Lane Clark Trader tips – Making High Probability Trades

The trading world wouldn’t exist if individuals and organizations had exactly the same ideas when it came to making investment decisions. One persons opportunity, is another persons chance to walk away from the markets. One individual will trade technically, whilst another will not look past his or her fundamental ideas. One individual may day trade, whilst another takes positions that last for a minimum of three weeks.

This is what makes trading the financial markets as interesting and challenging as they are.

But how do you know what methodology suits you?

Probably through trial and error!

Studies have been conducted in the past showing that a random group of individuals can be taught the same trading techniques/systems, yet still when trading the same markets, get vastly different results. The ‘Turtle Traders’ being the best example. But how can this be?

The reason being- the individuals psychology comes into play. This is why I would say that people have to sample with different techniques to see what best fits them.

If you do veer down the technical trading route, one thing you can implement to try and separate yourself from other traders, is to attempt to make HIGH PROBABILITY TRADES.

This separates the good trader from the bad trader.

Here are a few ingredients of becoming a high probability trader:

  1. Know what the trend is and trade with it. Rewards can be found for traders buying against the trend, but why risk it? Remember that the trend is your friend, until it bends.
  2. Use multiple time frames. Would a golfer play 18 holes with only a driver or a putter? Of course he wouldn’t. So why should you look at only one chart. The best trades are the trades that look good in multiple timeframes.
  3. Assume the main moving trendline or moving average will hold. Some people see a strong trendline or moving average and feel it has to pull back. Don’t fall for it. Yes, there will be retracements, but don’t try and second guess them. Assume the trend will stay in place until you have reason to think otherwise.
  4. When looking at trend lines, bear in mind that the smaller the slope of the trendline- the more reliable it is. If the slope is too steep, it will probably be broken.
  5. The longer period the moving average is, the better it defines the trend. Why use a 5 day moving average when a 25, 50, or 250 will define the trend for you far better.
  6. Before entering the market- wait for a pull back. Although it is tempting to enter the market, the prudent trader will wait for confirmation of the break, and wait for a price he/she is happy with. If it means missing a trade- so be it.
  7. Do not chase the market. If you do- you may find people will profit take and you would have bought right at the top of the market.
  8. Don’t fight the market. There will only ever be one winner.
  9. Bear in mind that even the strongest trends will have pull backs. Mass hysteria sometimes takes over. Stay calm, stay cool, stay focused, and you will be rewarded by entering the market on a pullback.
  10. When buying into the market, the closer the support/resistance level is below the price, the better the risk to reward ratio is. You will find if it breaks these levels it will continue to fall, so have your stop fairly close behind these prices where the support/resistance levels are.
  11. Employ the ADX to find out whether the market is trending or ranging. Strong trends have readings of 30 and over, range trading conditions have readings of 20 and under.
  12. Combine trend following systems and oscillators. Oscillators are great to pinpoint turning points, particularly when combined with other instruments.
  13. Have a reason for every trade. If you don’t- do not take the trade.
  14. Know where the Fibonacci support levels are. Many traders view them, and so should you.
  15. Place stops outside of these potential retracement levels. Far enough away to avoid short term volatility but close enough to stop the trade if the levels break.
  16. Maintain your discipline. Because if you don’t- you’ll lose.

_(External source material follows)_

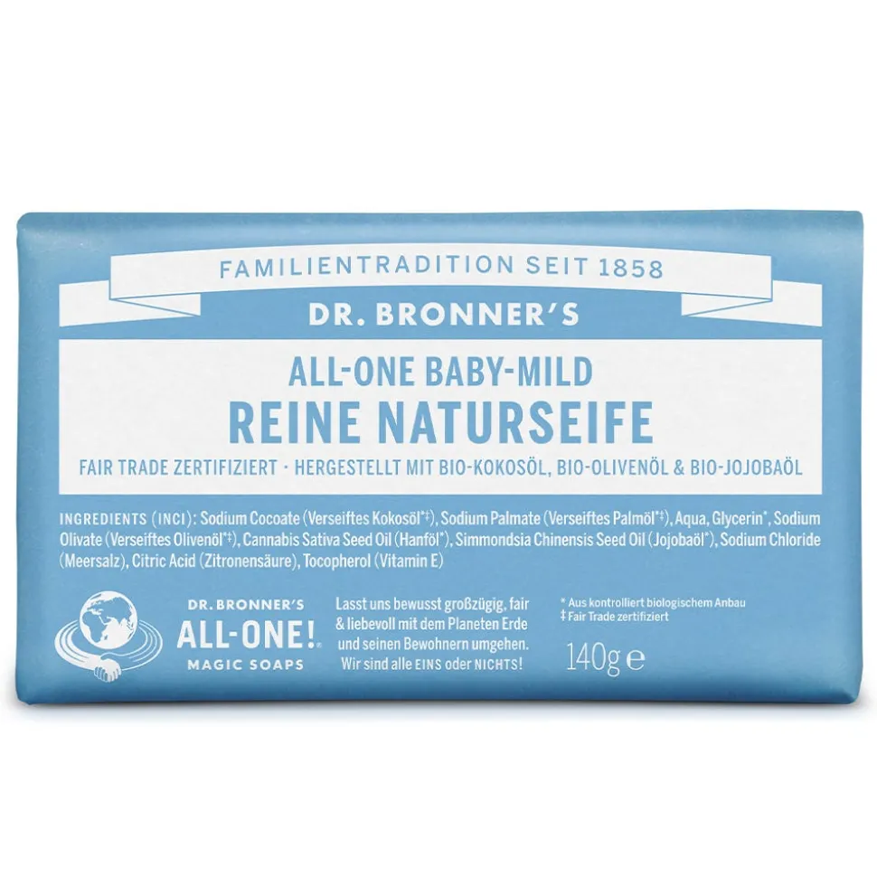 Dr. Bronner’s Reine Naturseife Baby-Mild ist eine Stückseife, die Ihre Hände, Ihr Gesicht und Ihren Körper sanft und natürlich reinigt. Ihre rein pflanzlichen Inhaltsstoffe sind aus kontrolliert biologischem Anbau und sind zu 100% biologisch abbaubar.

There is no sure way method of making money in the financial markets but by becoming a high probability trader, at least you are shifting the odds in your favour. Look at the poker player- he knows the odds of getting any hand. He only bets when there is a better pay off ratio than the odds involved. If he needs a 6 and the odds are eleven to one, if someone bets 10 pounds, he’ll only bet if he can win at least 110 pounds. If the pot has 400 pounds in it, he’ll take the bet every time. He may not win that bet, but it was the high probability move, and the wise decision.

Take that mindset into your trading, have a reason for every trade you make, and you may find your results begin to improve.